(Dataset records)

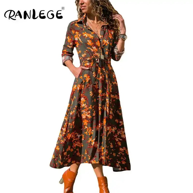 2020 2018 Autumn Long Sleeve Women Winter Dress Plus Size Leaf
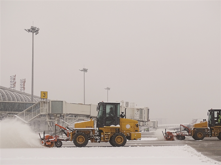 为高效推进除冰雪工作,各部门分工协作、精准发力。出动多台除雪设备,对跑道、滑行道等关键区域集中清扫,快速清除积雪;100余名工作人员组成人工突击队,清理廊桥机位等机械作业盲区,确保跑道良好适航,为航班起降保驾护航。
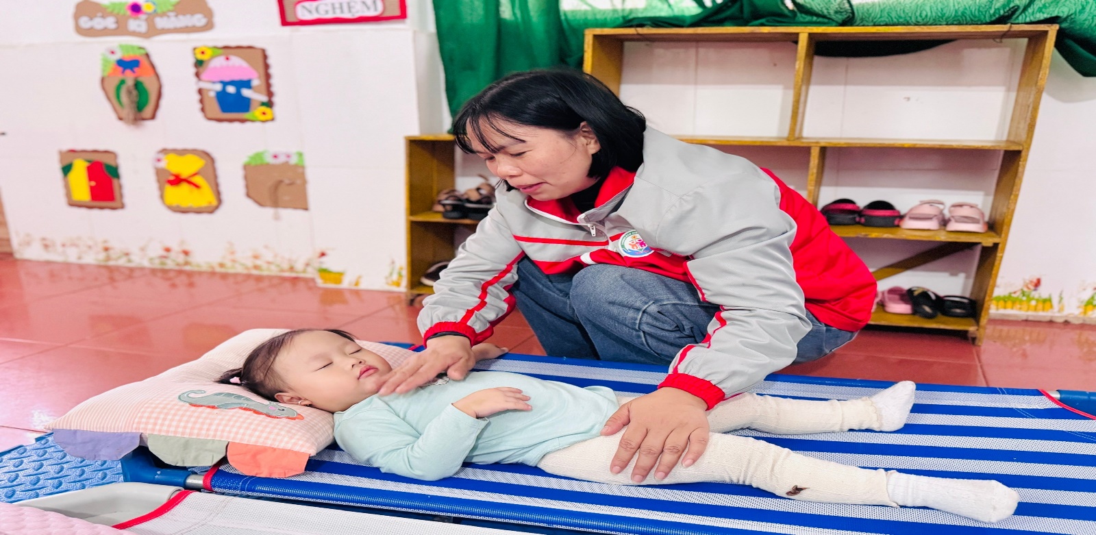 Cô giáo nhẹ nhàng chăm sóc, đắp chăn cho trẻ trong giờ ngủ
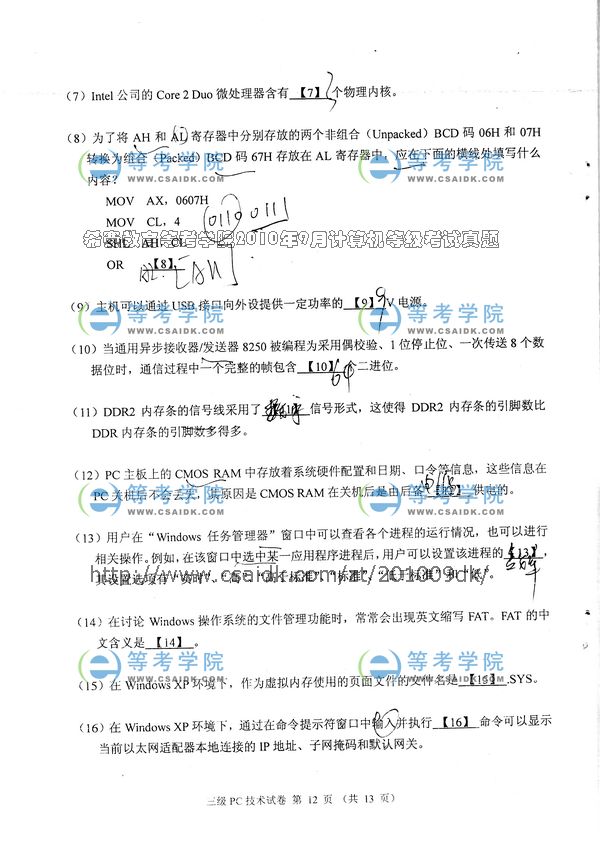 2010年9月计算机等级考试三级笔试试卷_PC技术
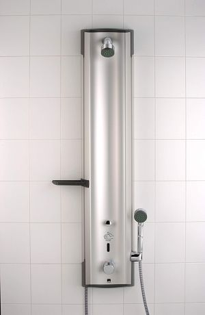 Bezdotykowy panel prysznicowy z termostatem wyposażony jest w dwie głowice natryskowe: górną, stanowiącą integralną część panela oraz dolną, umieszczoną w zdejmowanej rączce prysznica. Panel zasilany jest 12 V prądem elektrycznym z oddzielnego transformatora (np. Magistrala Oras nr 199099). Panel wykonany jest z aluminium i tworzywa sztucznego.Pojawienie się ręki w zasięgu sensora powoduje uruchomienie prysznica. Woda płynie tak długo, jak długo użytkownik przebywa pod natryskiem. Odejście spod prysznica powoduje automatyczne zamknięcie wypływu wody. Przy pomocy Data Terminal, można ustawić wszystkie parametry, odczytać zgromadzone dane i wykonywać inne operacje serwisowe. Wyposażenie dodatkowe: mydelniczka (Oras nr 199880) i uchwyt (Oras nr 199881) są sprzedawane oddzielnie. Posiada: znak budowlany B , atest PZH, deklarację zgodności.Atest Higieniczny PZH HK/W/0904/01/2008 Ciśnienie robocze 100 - 1000 kPa EMC Directive 89/336/EEC Klasa bezpieczeństwa IP 45 Klasa głośności I (ISO 3822) Max czas przepływu 5 min (0 - 30 min) Nateżenie przepływu przy 300 kPa (Bez regulatora przeplywu) 0.22 l/s Natężenie przepływu przy 300 kPa (Z regulatorem przepływu) 0.17 l/s Opóżnienie zamknięcia 5 s (0 - 255 s) Podłączenie elektryczne 12 VDC Woda ciepła zasilająca max. 70C Zasięg działania 50 cm (30 - 70 cm) Zasięg otwarcia 0 - 5 cm
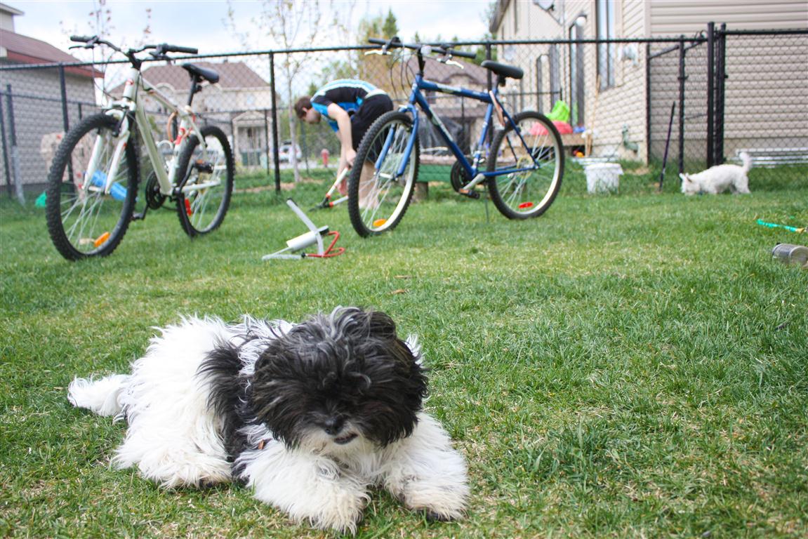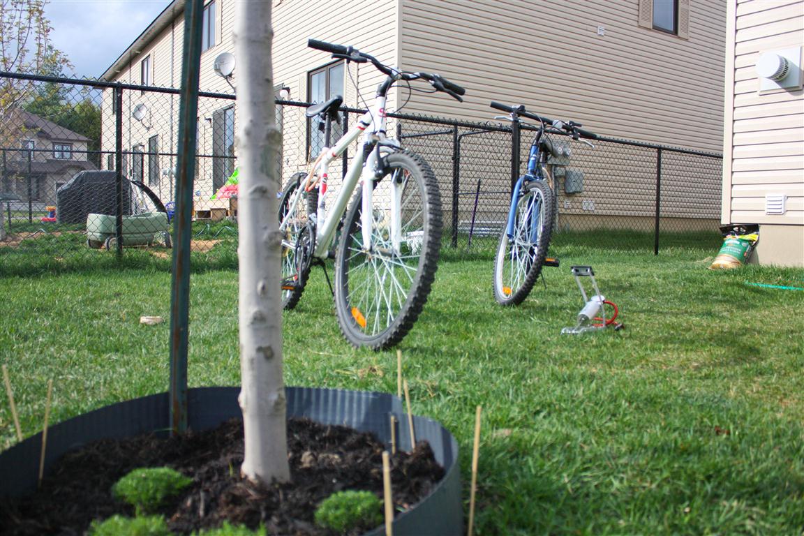 Finalmente arrumamos as bikes, até volta no “bairro” eu dei…
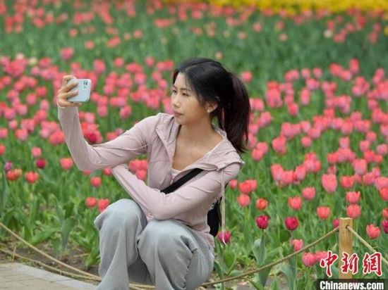 5月6日,吉林長(zhǎng)春,民眾正在公園內(nèi)打卡拍照。初夏時(shí)節(jié),長(zhǎng)春公園中的50萬余株郁金香迎來盛花期,吸引大量民眾前來賞花。(完)
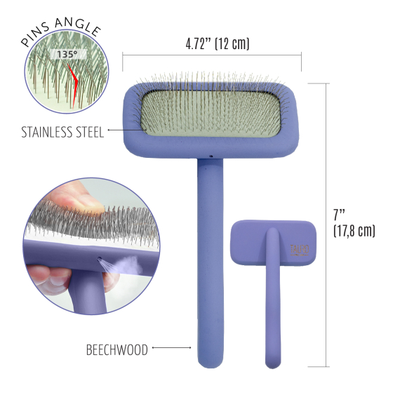 The Tauro Pro Line premium brush is expertly designed to make pet brushing easier. The brush has an ergonomically designed rectangular shape and is very lightweight, ensuring your hands won't tire while brushing. The soft and elastic cushion adapts to your pet's skin, while the 11 mm long curved stainless steel teeth effectively comb through the coat, remove dead hair and tangles, and provide a gentle massage to improve circulation and promote hair growth. With this Tauro Pro Line brush, you can easily reach even hard-to-reach areas: armpits, muzzle, ears, and paws. Suitable for all coat types and compatible with small, medium, and large breeds. The special anti-static coating on the brush prevents hair from becoming electrified, resulting in smoother and shinier coats. Discover the Tauro Pro Line brushes, crafted by professionals using top-quality materials to ensure optimal results and an enjoyable brushing experience.
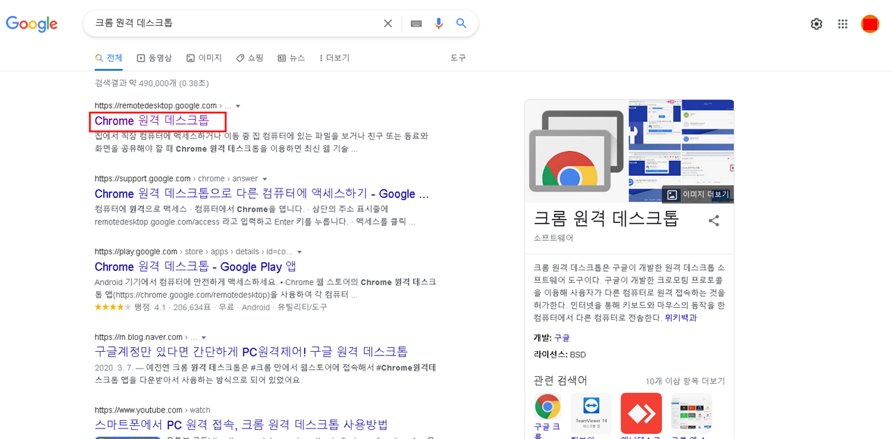 먼저 검색 포털에 크롬 원격 데스크톱이라고 검색을 해주세요.
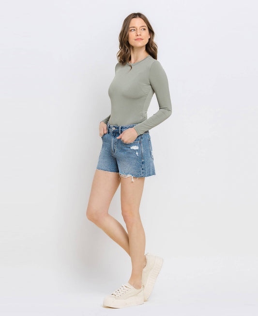HIGH RISE DENIM MOM SHORTS: LA LA LAND

What needs to be done: The lines needed run from the first line of the records through the line containing "2010年9月计算机等级考试三级笔试试卷_PC技术", both included. Restate them word for word, without pictures.

Answer to this task:
 2020 2018 Autumn Long Sleeve Women Winter Dress Plus Size Leaf
 为高效推进除冰雪工作,各部门分工协作、精准发力。出动多台除雪设备,对跑道、滑行道等关键区域集中清扫,快速清除积雪;100余名工作人员组成人工突击队,清理廊桥机位等机械作业盲区,确保跑道良好适航,为航班起降保驾护航。
 Cô giáo nhẹ nhàng chăm sóc, đắp chăn cho trẻ trong giờ ngủ
 2010年9月计算机等级考试三级笔试试卷_PC技术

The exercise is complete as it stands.